Improv won’t help slow the progress of the disease or reduce its effects (at least we don’t have any evidence that it does), but as long as we don’t have a cure for Alzheimer’s, the best thing caregivers and loved ones can do is work to make every day someone lives with the disease as good as it can be, in spite of the difficulties. Researchers have found evidence that improv does actually help with that.
How It’s Useful to Caregivers
Speaking of living with the disease, patients aren’t the only ones dealing with the symptoms of Alzheimer’s every single day. Caregivers and other loved ones are challenged on a regular basis with situations that are hard to manage effectively. Over time, caregivers learn tips and techniques for responding to their loved ones’ confusion and fits in ways that (hopefully) manage to minimize how upset their loved one becomes each time, and that help keep the task of caregiving from becoming too overwhelming and draining.
But getting to that point is hard. For most caregivers, it will feel like a nearly constant uphill battle. One woman with prior experience in improv, once she was tasked with taking care of her mother after an Alzheimer’s diagnosis, realized she could put the skills she’d learned from her improv comedy experience to use in communicating with her mom.

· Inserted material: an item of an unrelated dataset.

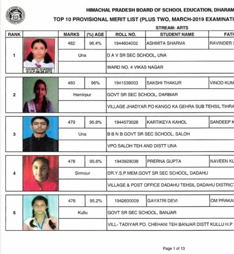 Though 2018 overall topper were from the non-medical stream in 2017, too the topper Ritik Kandoria from Rehan CRC Government Senior Secondary School – Kangra with 492/500 marks for Class 12 science stream. This year, if a science stream student tops, it would create a hattrick.

In an interview on This American Life, Karen Stobbe describes how being an improv comedian equips you with a lot of practice stepping into someone else’s world and figuring out how to play along – something many caregivers realize (often slowly and after much difficulty) helps make conversations with a loved one who has dementia much easier and more pleasant for all involved.

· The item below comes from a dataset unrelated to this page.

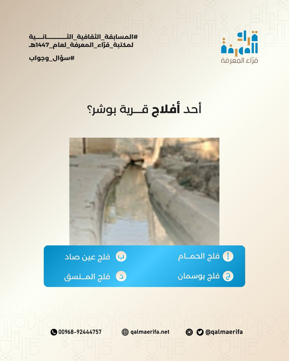 🌙 المسابقة الرمضانية الثقافية مع قرّاء المعرفة 🌙 سؤال اليوم الثاني: - أحد أفلاج قرية بوشر؟ أ. فلج الحمام ب. فلج عين صاد ج. فلج بوسمان د. فلج المنسق شاركونا إجاباتكم في التعليقات 👇 #المسابقة_الرمضانية_الثقافية #قراء_المعرفة #رمضان_1447 #ثقافة_عمانية #سؤال_اليوم

Click play to listen to the interview:
When your loved one mentions siblings that aren’t around anymore, you don’t have to say “actually Charlie passed a few years ago” – it’s better to instead play along, “I think your brother’s busy today, why don’t we go to the park instead?”
When your loved one is living within a world of memories, reminding them someone they love has passed means they either experience the grief all over again, they’ll think you’re lying to them, or they’ll think you’re calling them a liar. All of those are eventualities that make an already fraught moment worse. If you instead use the moment to start a conversation about whatever’s on their mind, you can nudge them away from the frustration and distract them from whatever they felt they needed to do to begin with.

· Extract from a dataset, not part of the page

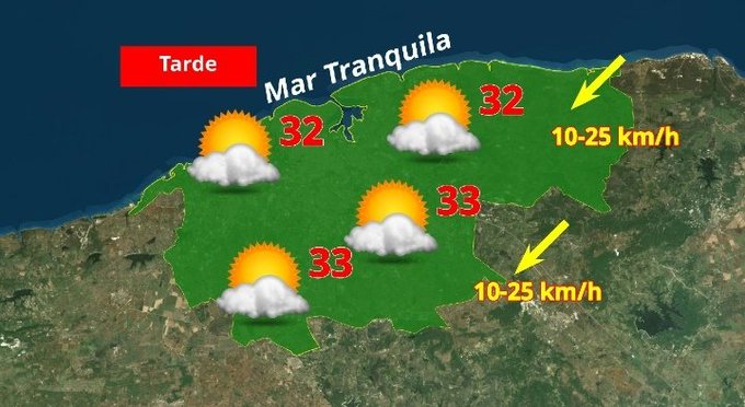 Respecto a las temperaturas, la entidad refirió que las mÃnimas tendrán valores próximos a los 25 grados Celsius (°C) en zonas costeras y 24 °C en el interior. Las máximas, entretanto, oscilarán entre los 32 °C en el litoral y 33 °C en el resto del territorio.

Some people may feel a little uncomfortable with this at first, as if you’re being dishonest with your loved one. Over time you’ll realize that talking to them this way creates a better experience for both them and you, which will ultimately make the approach feel more moral than hitting them with difficult (old) news over and over again.
How to Get Started
If you’re a caregiver or staff member at a memory care facility, you can review the tips and resources on Karen’s website In the Moment to help you incorporate improv principles into your dealings with an Alzheimer’s patient.
If you think improv would be a great experience for your loved one, it may take a little work to get them started. Some cities already have improv troupes for seniors with dementia, so try doing some web searches to see if anything turns up in your area. If there’s not one already, you can see about putting one together.
If your loved one is currently in an assisted living or nursing home, talk to the staff about bringing in an improv troupe to work with the seniors and ask around town to find one that’s interested in helping out. If they still live at home or with you, you might still tap into the local assisted living homes for a potential interested community that can try out improv with your loved one.
Improv won’t remove the challenges that come with living with dementia, or with living with someone with dementia, but it can help make days a little easier and more enjoyable for each of you. That alone makes it worth trying.